DATASET EXTRACT
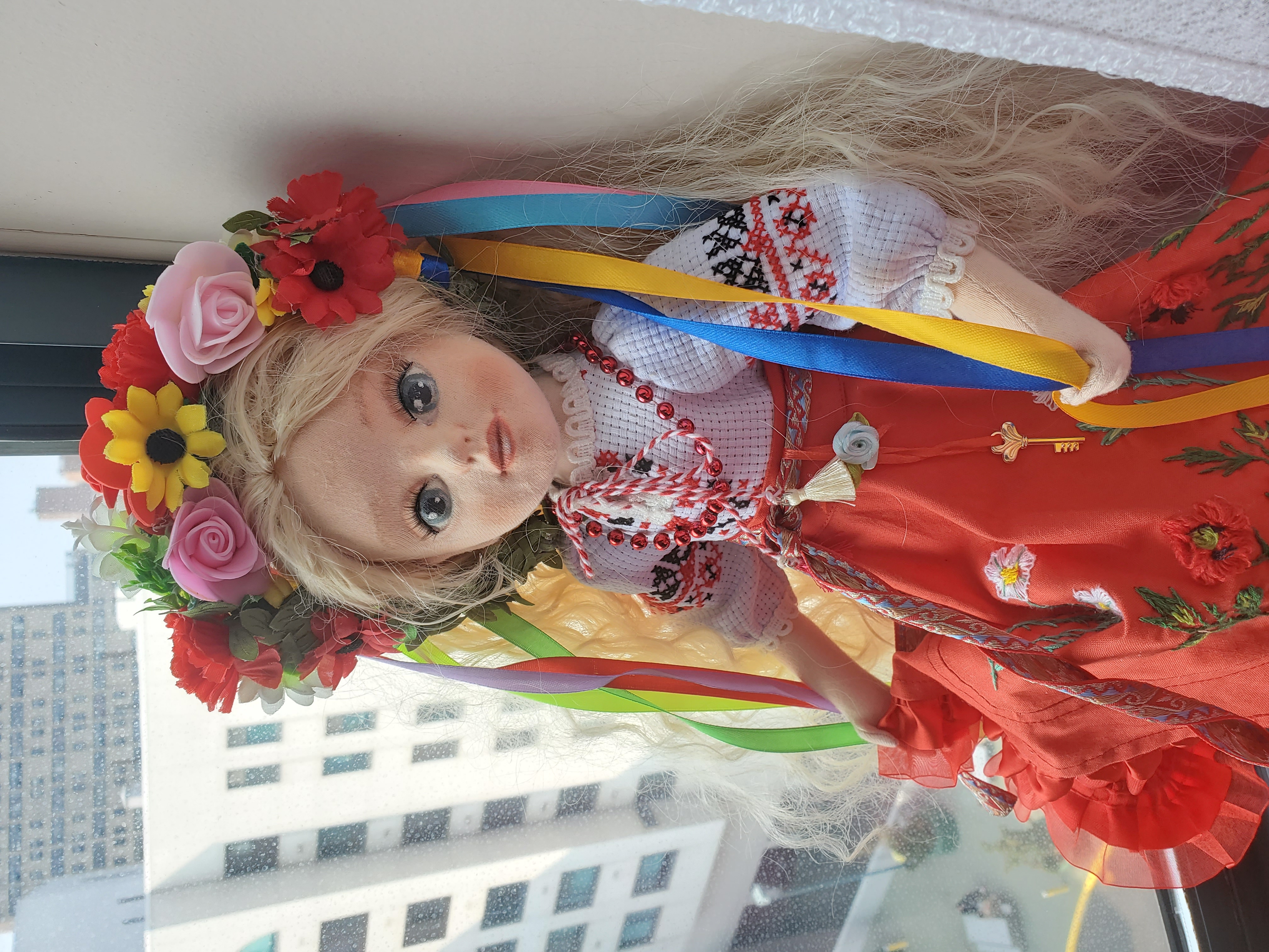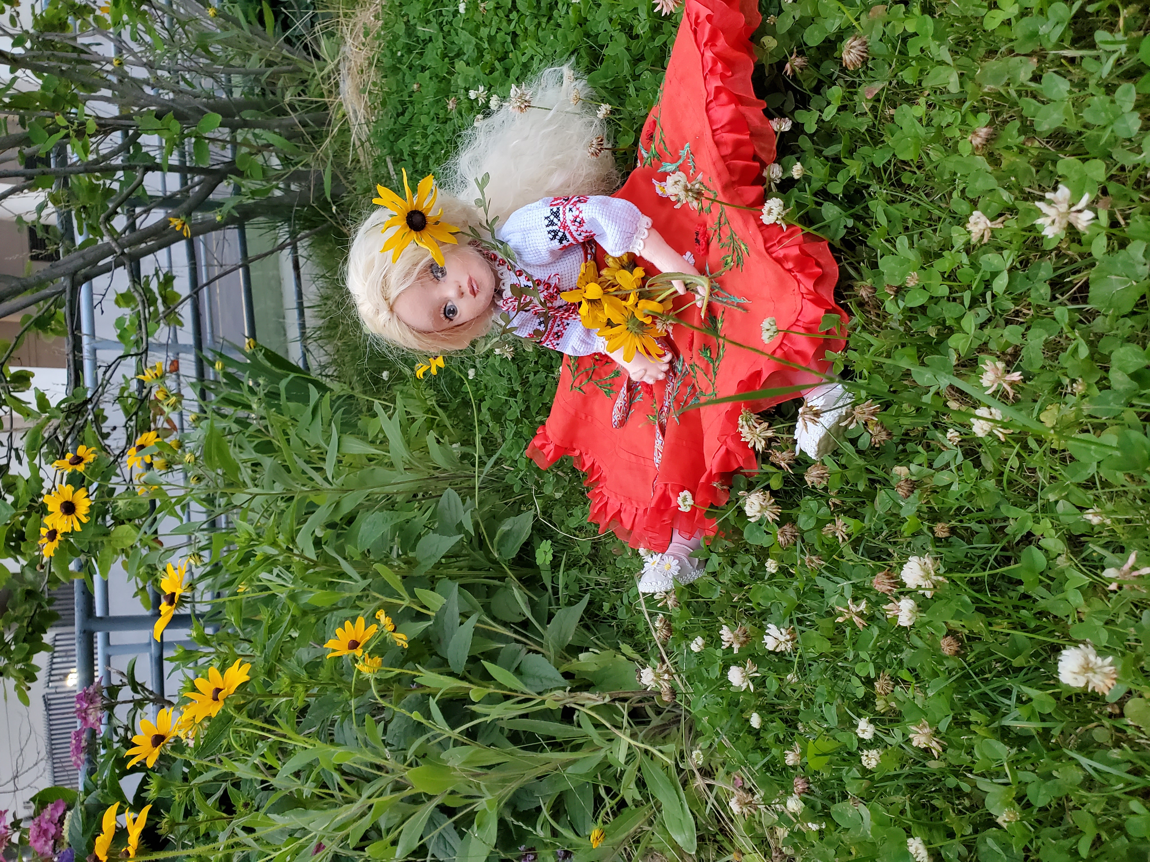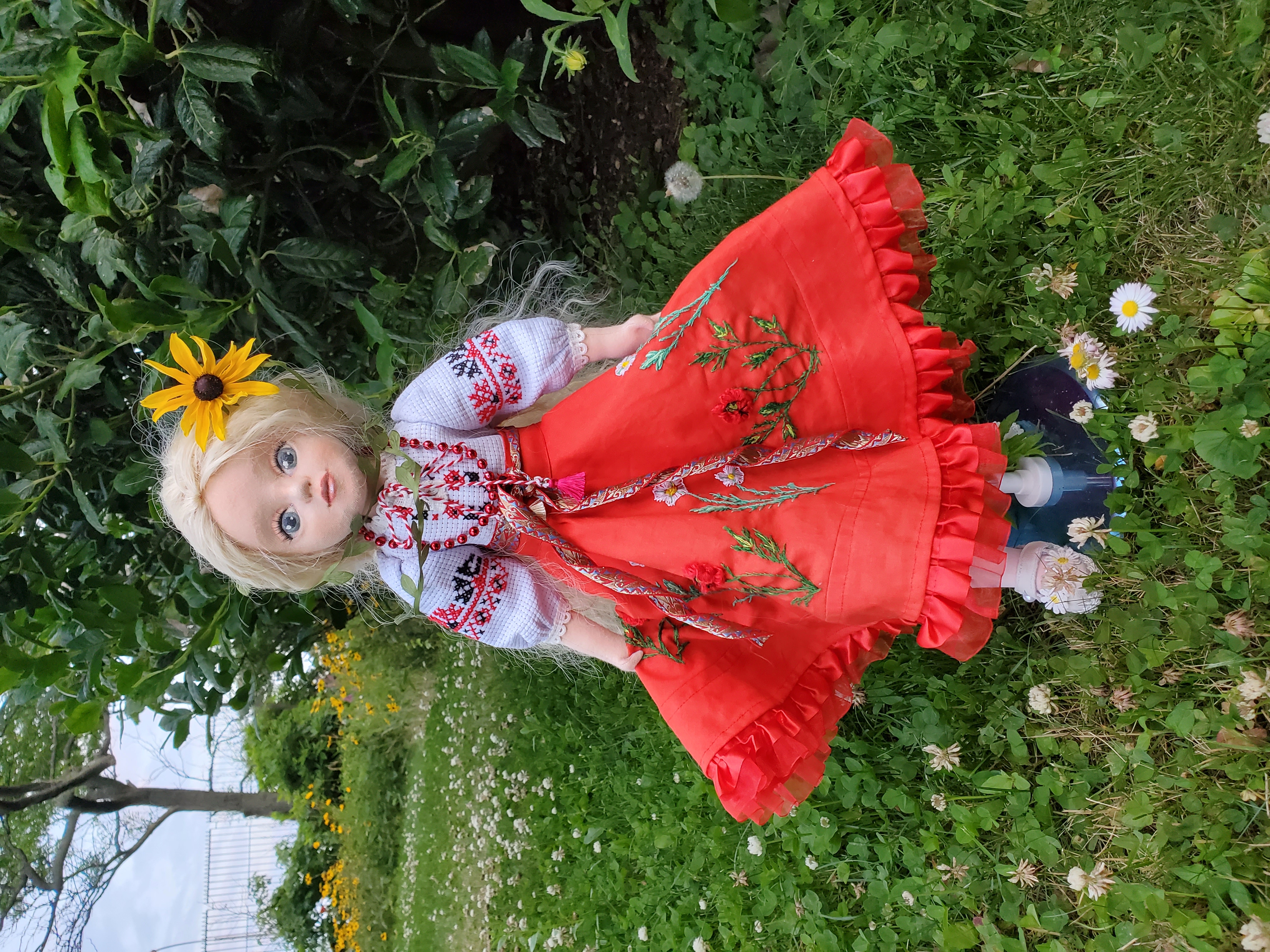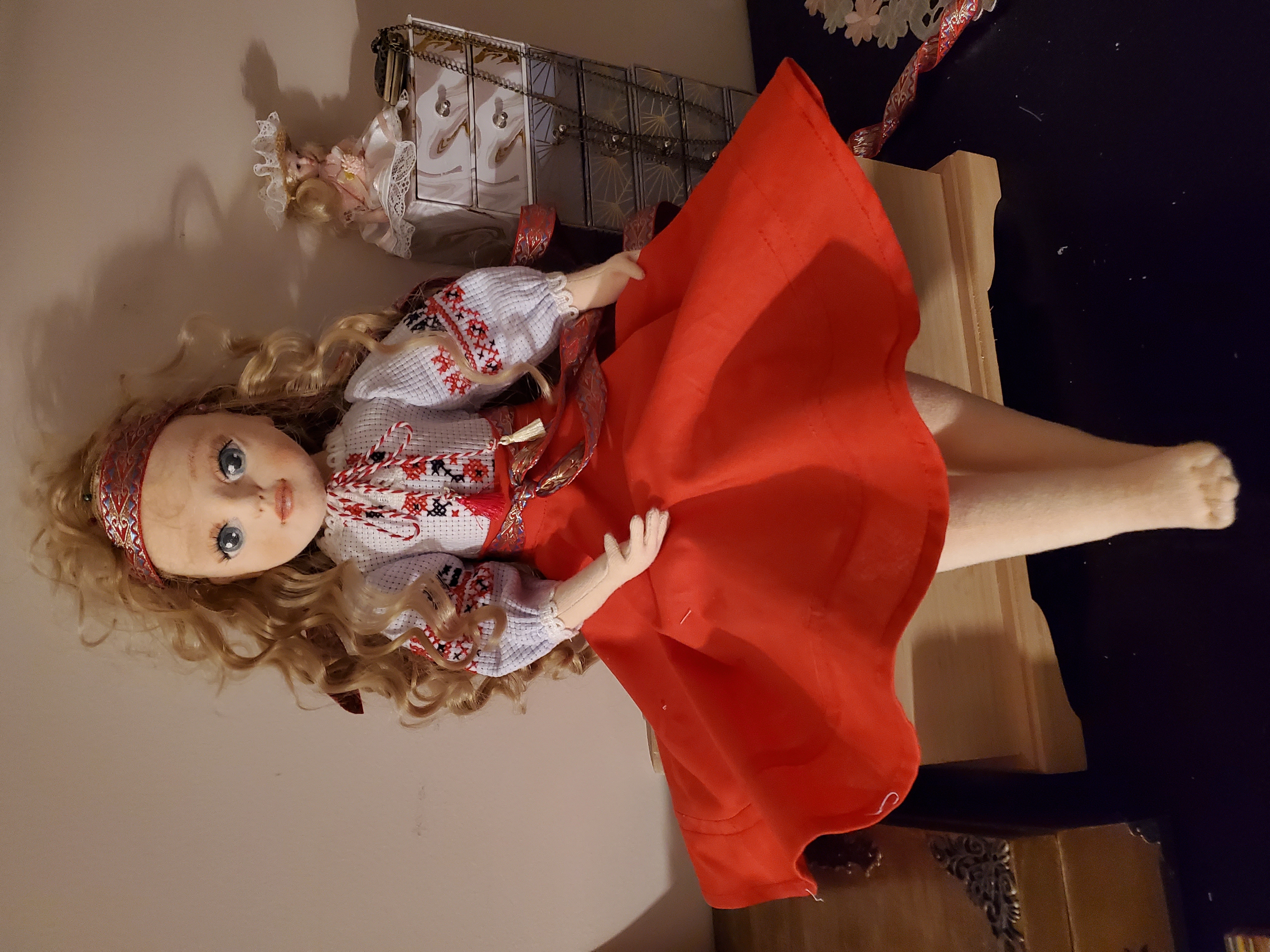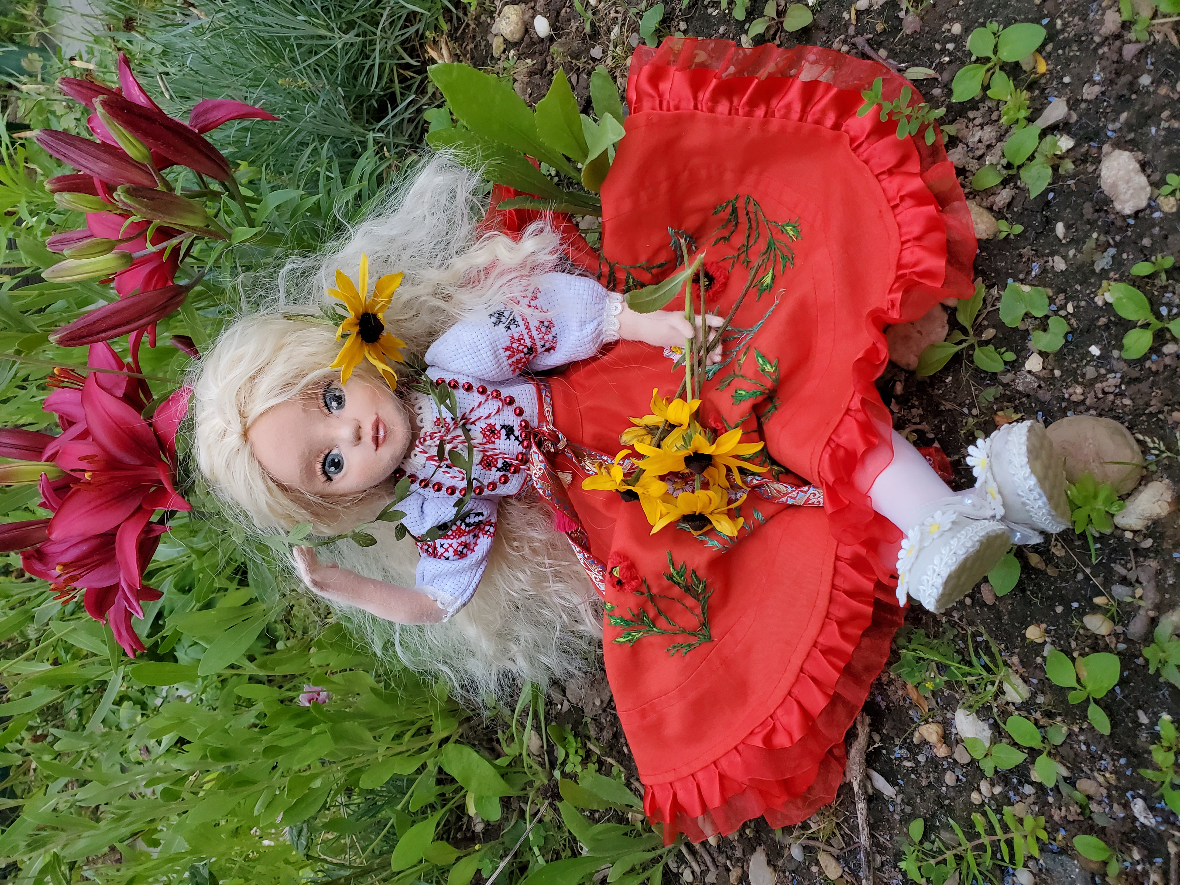 Из ткани, на шарнирах, выполнена из органических опилок, купленных на Amazon, глазки, губки расписаны вручную акриловыми красками, кофточка вышита крестиком, юбочка гладью, маки-бразильская вышивка, туфельки сшиты из мягкой, перчаточной кожи, декорированные ромашками в гармонии с вышивкой.
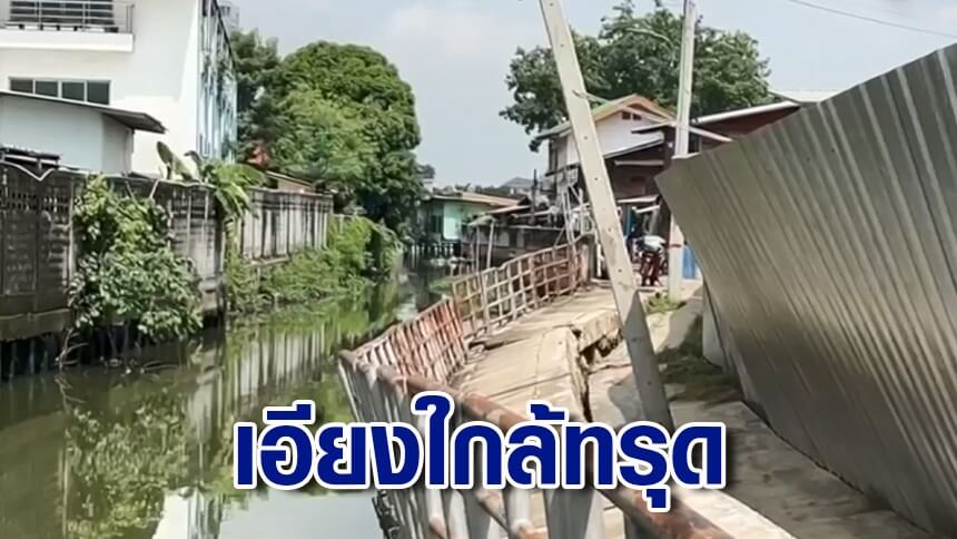 ชาวบ้านเดือดร้อนหนัก เขื่อนริมคลองทรุดเอียง เสาไฟใกล้ล้ม หวั่นอันตราย
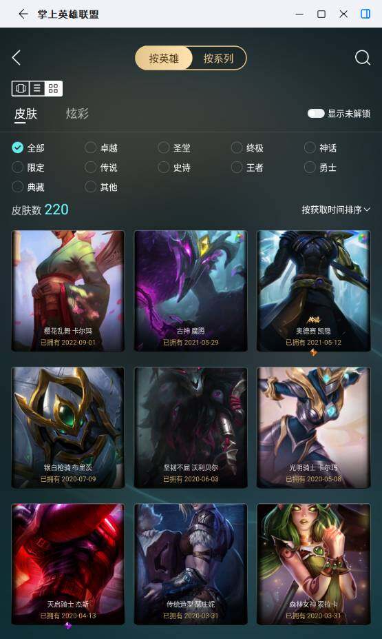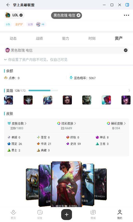 [17215244]未定级段位-128英雄-220皮肤-22炫彩-0终极-8神话-26限定-21传说-59史诗
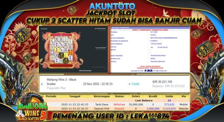 AKUNTOTO JACKPOT SLOT MAHJONG WINS 3 BLACK SCATTER Rp30.000.000 SENIN 24 NOVEMBER 2025 Selamat kepada User id LEKA***874 Telah berhasil mendapatkan kemenangan besar pada permainanMAHJONG WINS 3 BLACK SCATTER 5 – 10 menit pihak AKUNTOTO sudah melakukan transfer kepada pemilik User id dan dana sudah dapat di cairkan oleh pemenang. Bukti pembayaran yang kami berikan…

TASK STATEMENT
Leave out the pictures and repeat exactly the lines from the start of the material through the line that contains "[17215244]未定级段", both included.

TASK RESPONSE
 Из ткани, на шарнирах, выполнена из органических опилок, купленных на Amazon, глазки, губки расписаны вручную акриловыми красками, кофточка вышита крестиком, юбочка гладью, маки-бразильская вышивка, туфельки сшиты из мягкой, перчаточной кожи, декорированные ромашками в гармонии с вышивкой.
 ชาวบ้านเดือดร้อนหนัก เขื่อนริมคลองทรุดเอียง เสาไฟใกล้ล้ม หวั่นอันตราย
 [17215244]未定级段位-128英雄-220皮肤-22炫彩-0终极-8神话-26限定-21传说-59史诗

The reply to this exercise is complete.